# Assignment:
Dropping every picture, set down exactly the lines in the entries below, starting with the line with "JASGOOD Women Bow" and going on through the line with "Het allereerste bedtijdboek".

[[ Source material, beginning ]]

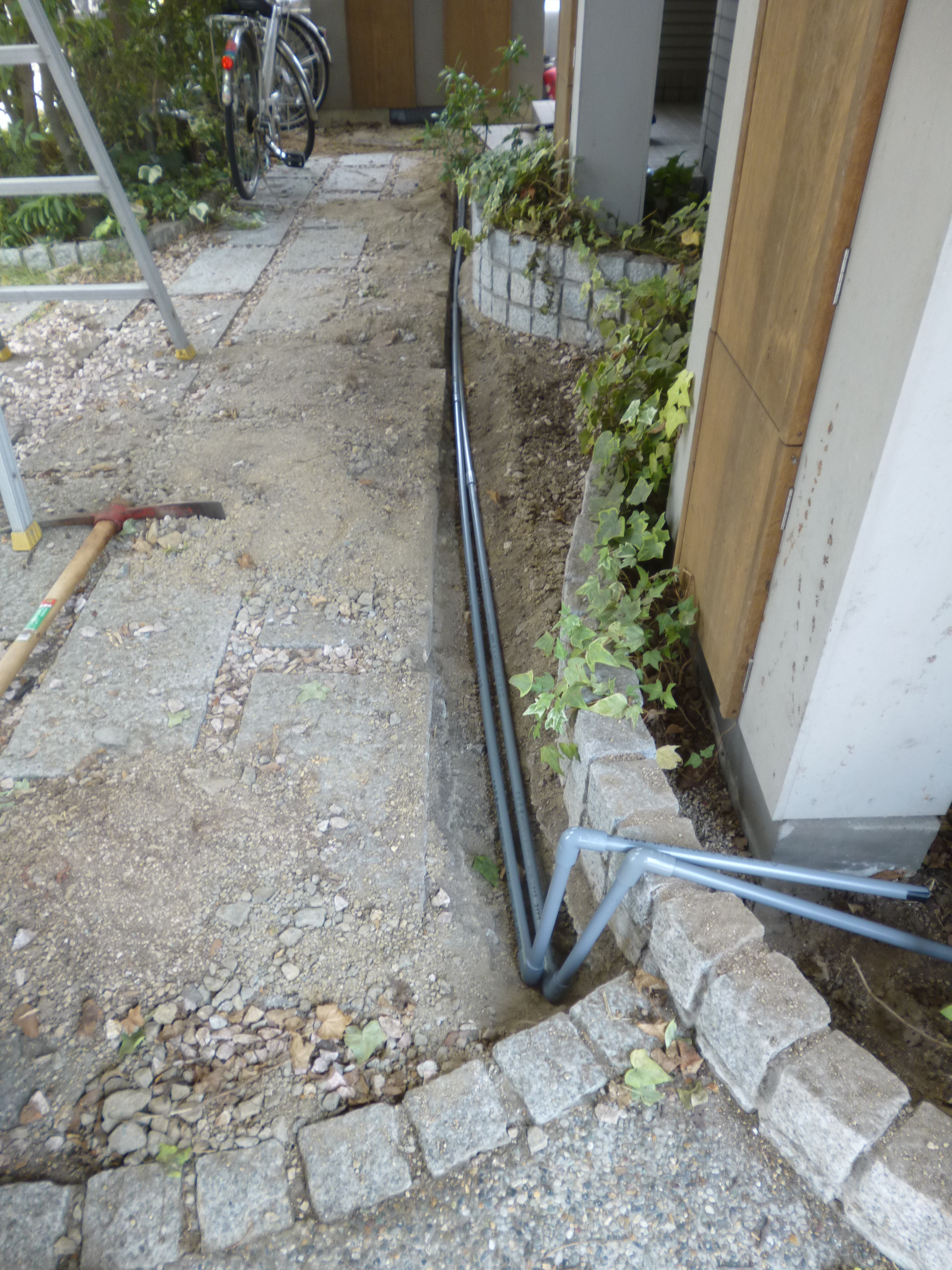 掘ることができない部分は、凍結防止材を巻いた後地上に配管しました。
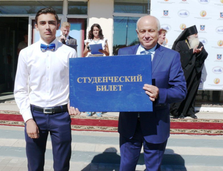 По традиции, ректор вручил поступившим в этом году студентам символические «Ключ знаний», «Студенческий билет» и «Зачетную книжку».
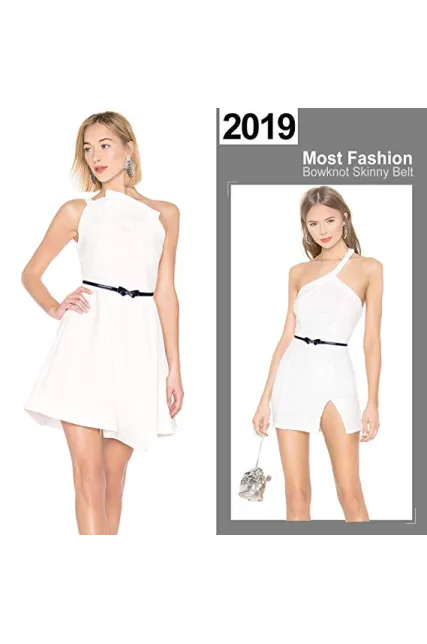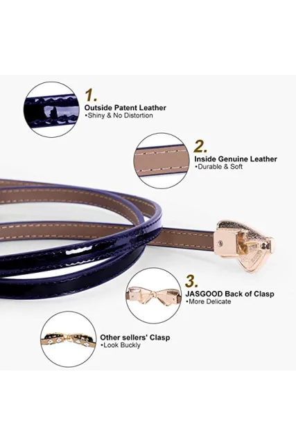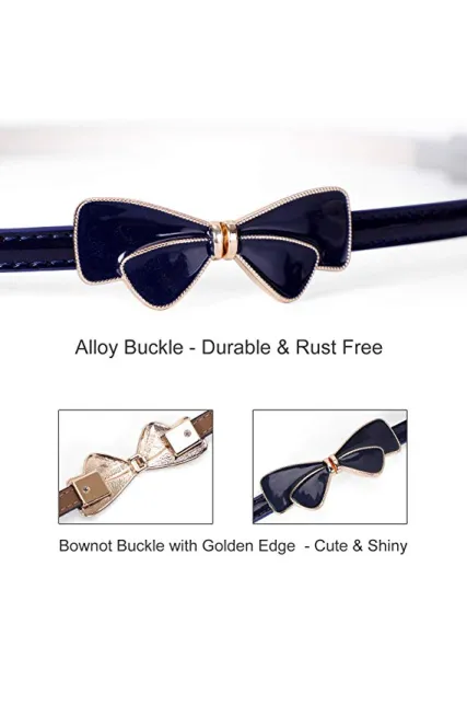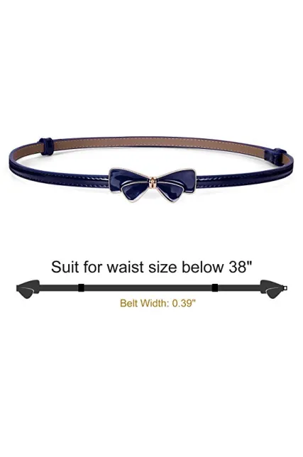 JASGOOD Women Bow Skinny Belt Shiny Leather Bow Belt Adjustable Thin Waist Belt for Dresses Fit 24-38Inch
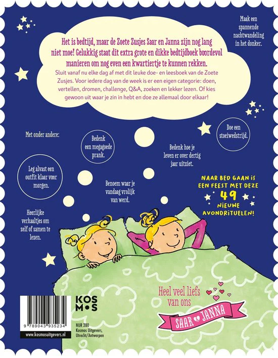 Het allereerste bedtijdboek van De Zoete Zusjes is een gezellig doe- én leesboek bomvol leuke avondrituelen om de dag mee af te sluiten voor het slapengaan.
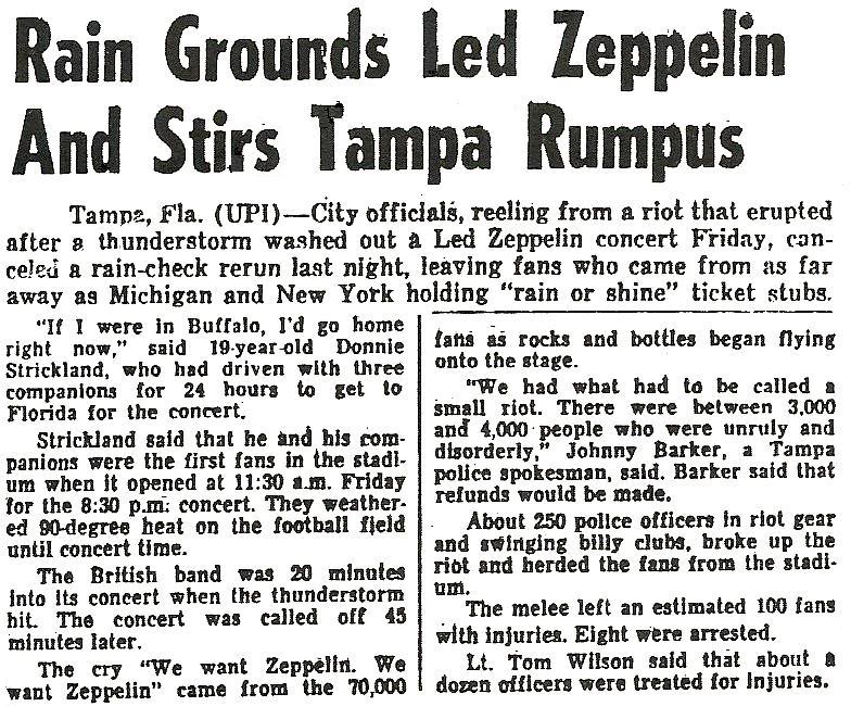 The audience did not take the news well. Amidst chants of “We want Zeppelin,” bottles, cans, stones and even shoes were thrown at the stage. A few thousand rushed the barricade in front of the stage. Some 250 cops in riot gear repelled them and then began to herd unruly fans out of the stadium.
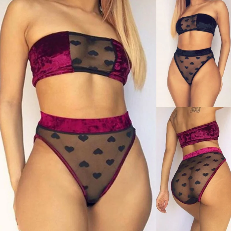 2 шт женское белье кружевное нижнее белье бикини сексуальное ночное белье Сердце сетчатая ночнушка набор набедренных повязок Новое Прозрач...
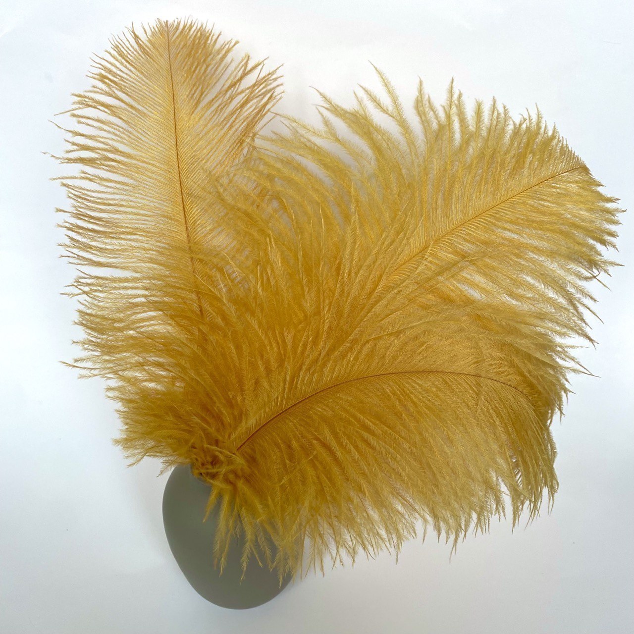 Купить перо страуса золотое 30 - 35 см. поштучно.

[[ Source material, end ]]
[[ Source material, beginning ]]

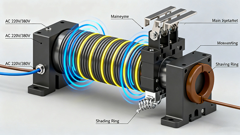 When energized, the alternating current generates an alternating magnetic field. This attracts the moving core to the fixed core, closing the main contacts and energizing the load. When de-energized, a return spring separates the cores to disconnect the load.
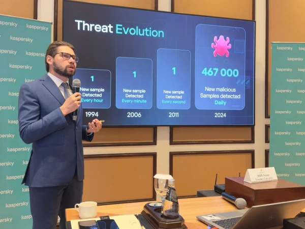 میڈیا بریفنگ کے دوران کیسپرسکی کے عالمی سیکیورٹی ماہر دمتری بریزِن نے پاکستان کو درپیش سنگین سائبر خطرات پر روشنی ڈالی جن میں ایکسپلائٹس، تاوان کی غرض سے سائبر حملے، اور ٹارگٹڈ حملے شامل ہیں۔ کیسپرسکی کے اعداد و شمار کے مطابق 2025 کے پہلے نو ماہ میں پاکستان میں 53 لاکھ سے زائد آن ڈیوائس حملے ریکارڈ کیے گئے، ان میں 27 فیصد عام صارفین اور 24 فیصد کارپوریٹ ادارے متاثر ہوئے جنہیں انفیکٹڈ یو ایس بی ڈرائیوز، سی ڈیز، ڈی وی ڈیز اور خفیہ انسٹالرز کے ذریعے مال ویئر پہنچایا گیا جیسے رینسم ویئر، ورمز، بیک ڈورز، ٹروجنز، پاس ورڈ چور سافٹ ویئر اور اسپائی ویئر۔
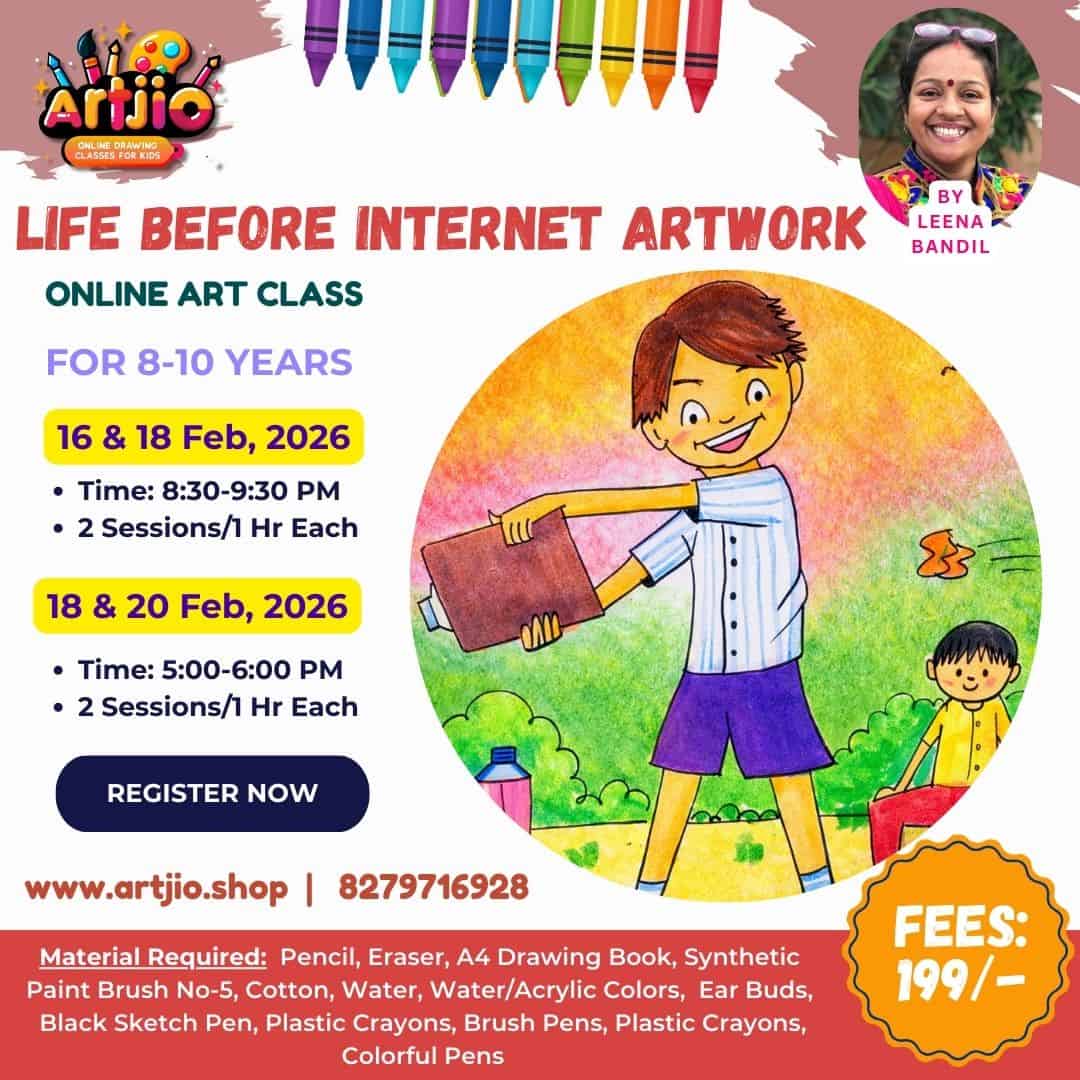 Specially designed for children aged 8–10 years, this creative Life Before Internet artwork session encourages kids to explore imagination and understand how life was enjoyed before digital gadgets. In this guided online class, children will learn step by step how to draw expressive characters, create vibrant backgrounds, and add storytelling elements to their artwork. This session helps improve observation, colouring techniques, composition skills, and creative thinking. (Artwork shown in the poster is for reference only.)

[[ Source material, end ]]

# Solution to this problem:
 JASGOOD Women Bow Skinny Belt Shiny Leather Bow Belt Adjustable Thin Waist Belt for Dresses Fit 24-38Inch
 Het allereerste bedtijdboek van De Zoete Zusjes is een gezellig doe- én leesboek bomvol leuke avondrituelen om de dag mee af te sluiten voor het slapengaan.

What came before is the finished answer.